__DATA SHOWN__
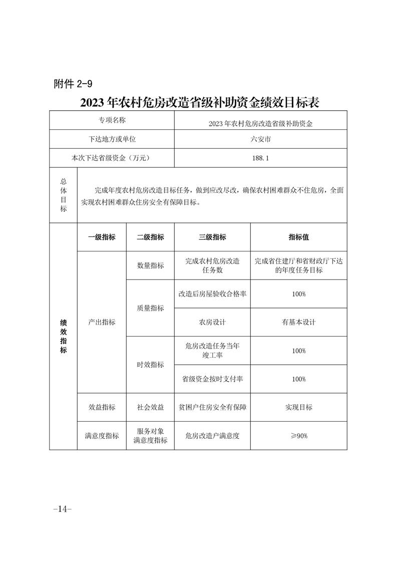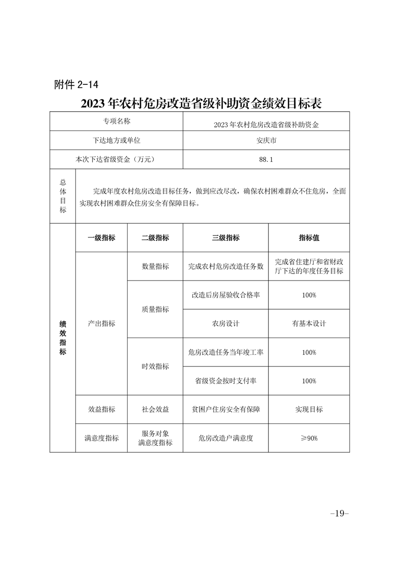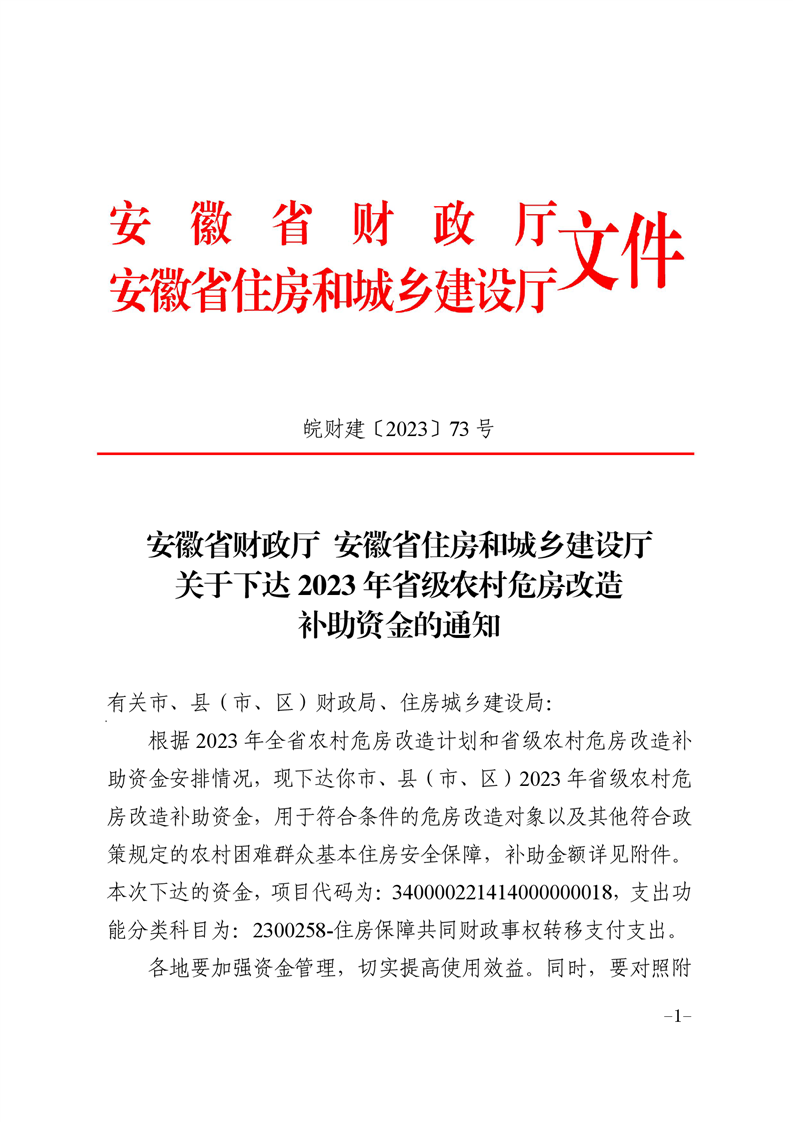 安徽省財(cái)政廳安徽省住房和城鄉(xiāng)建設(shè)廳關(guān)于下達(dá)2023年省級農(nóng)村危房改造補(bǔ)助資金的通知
---
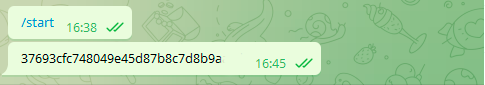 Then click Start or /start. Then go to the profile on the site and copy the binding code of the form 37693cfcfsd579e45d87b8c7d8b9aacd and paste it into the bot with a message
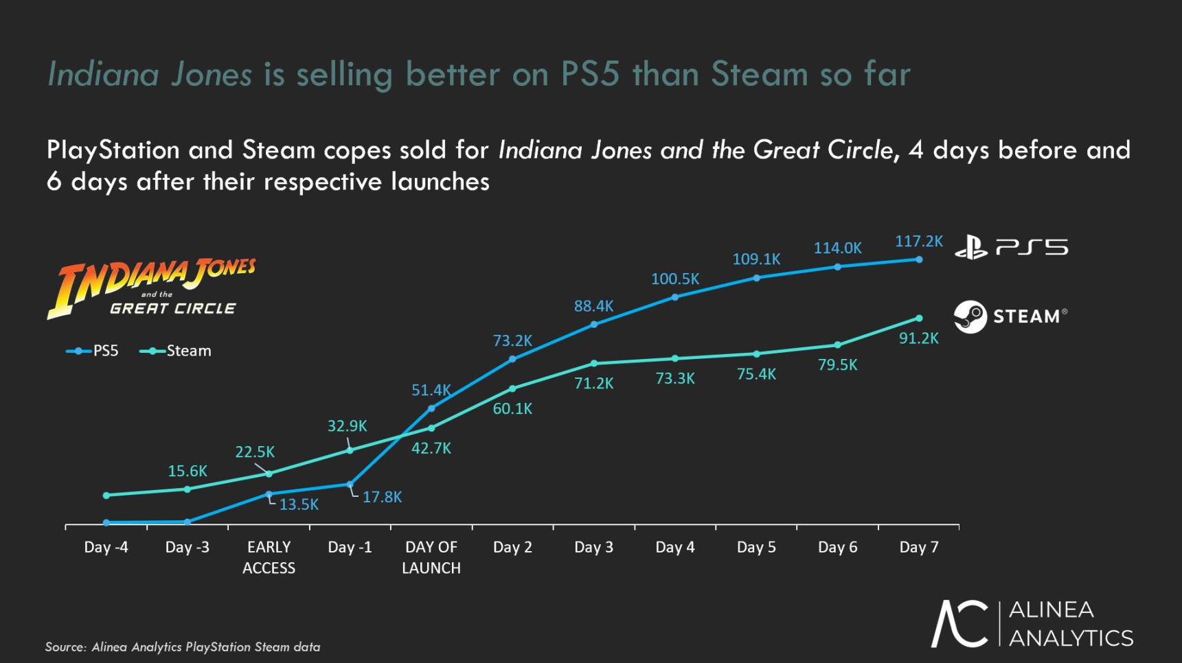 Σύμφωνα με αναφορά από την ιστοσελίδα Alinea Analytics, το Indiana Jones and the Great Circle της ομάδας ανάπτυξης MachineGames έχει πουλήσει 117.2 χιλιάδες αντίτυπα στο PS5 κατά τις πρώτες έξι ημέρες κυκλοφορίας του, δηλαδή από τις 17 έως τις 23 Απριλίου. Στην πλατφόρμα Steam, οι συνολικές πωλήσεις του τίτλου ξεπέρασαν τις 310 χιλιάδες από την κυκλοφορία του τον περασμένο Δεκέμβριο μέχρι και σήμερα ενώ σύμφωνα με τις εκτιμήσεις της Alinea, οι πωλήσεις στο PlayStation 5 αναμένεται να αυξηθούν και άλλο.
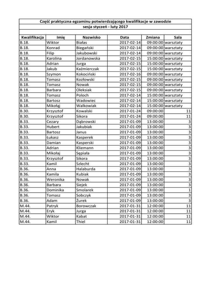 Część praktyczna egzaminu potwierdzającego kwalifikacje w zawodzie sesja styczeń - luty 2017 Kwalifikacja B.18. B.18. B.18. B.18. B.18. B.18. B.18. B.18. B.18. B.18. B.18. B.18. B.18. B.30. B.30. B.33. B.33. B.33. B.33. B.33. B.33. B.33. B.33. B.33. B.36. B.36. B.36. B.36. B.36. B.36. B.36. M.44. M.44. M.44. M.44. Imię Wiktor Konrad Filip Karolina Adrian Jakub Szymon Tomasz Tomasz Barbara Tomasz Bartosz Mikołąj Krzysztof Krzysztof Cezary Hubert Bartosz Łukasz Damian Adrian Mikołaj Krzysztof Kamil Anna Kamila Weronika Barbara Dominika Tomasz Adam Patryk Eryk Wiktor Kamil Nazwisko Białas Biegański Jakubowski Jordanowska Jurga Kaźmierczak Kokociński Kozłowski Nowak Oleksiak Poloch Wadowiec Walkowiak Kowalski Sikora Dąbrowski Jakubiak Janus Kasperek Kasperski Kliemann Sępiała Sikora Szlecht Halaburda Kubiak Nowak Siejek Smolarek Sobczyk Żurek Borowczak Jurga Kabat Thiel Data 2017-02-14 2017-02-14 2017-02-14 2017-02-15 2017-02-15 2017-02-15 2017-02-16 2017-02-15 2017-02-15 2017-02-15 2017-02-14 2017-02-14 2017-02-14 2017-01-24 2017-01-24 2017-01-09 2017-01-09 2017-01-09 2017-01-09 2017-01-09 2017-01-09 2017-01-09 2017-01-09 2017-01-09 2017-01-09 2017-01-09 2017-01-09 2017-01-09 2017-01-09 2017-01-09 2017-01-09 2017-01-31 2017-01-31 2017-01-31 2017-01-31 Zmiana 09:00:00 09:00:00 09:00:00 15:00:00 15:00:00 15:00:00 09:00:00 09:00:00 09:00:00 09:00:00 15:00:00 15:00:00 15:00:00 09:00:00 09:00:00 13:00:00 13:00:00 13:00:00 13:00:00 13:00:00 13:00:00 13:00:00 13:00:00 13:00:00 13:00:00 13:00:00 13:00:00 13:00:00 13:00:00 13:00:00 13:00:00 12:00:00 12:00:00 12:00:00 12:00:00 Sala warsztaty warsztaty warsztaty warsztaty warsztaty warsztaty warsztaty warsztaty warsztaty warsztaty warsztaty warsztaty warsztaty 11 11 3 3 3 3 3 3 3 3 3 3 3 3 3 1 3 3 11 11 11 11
==
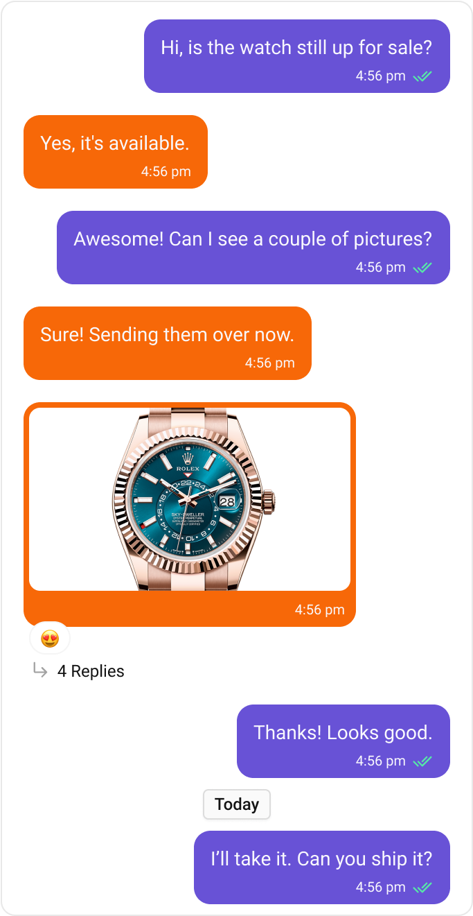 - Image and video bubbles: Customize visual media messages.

__YOUR OBJECTIVE__
Find where the line with "Then click Start" sits in the material above and where the line with "Σύμφωνα με αναφορά" sits. Set down exactly the lines from the first to the second, both included and nothing else, without pictures.

__PROBLEM SOLUTION__
 Then click Start or /start. Then go to the profile on the site and copy the binding code of the form 37693cfcfsd579e45d87b8c7d8b9aacd and paste it into the bot with a message
 Σύμφωνα με αναφορά από την ιστοσελίδα Alinea Analytics, το Indiana Jones and the Great Circle της ομάδας ανάπτυξης MachineGames έχει πουλήσει 117.2 χιλιάδες αντίτυπα στο PS5 κατά τις πρώτες έξι ημέρες κυκλοφορίας του, δηλαδή από τις 17 έως τις 23 Απριλίου. Στην πλατφόρμα Steam, οι συνολικές πωλήσεις του τίτλου ξεπέρασαν τις 310 χιλιάδες από την κυκλοφορία του τον περασμένο Δεκέμβριο μέχρι και σήμερα ενώ σύμφωνα με τις εκτιμήσεις της Alinea, οι πωλήσεις στο PlayStation 5 αναμένεται να αυξηθούν και άλλο.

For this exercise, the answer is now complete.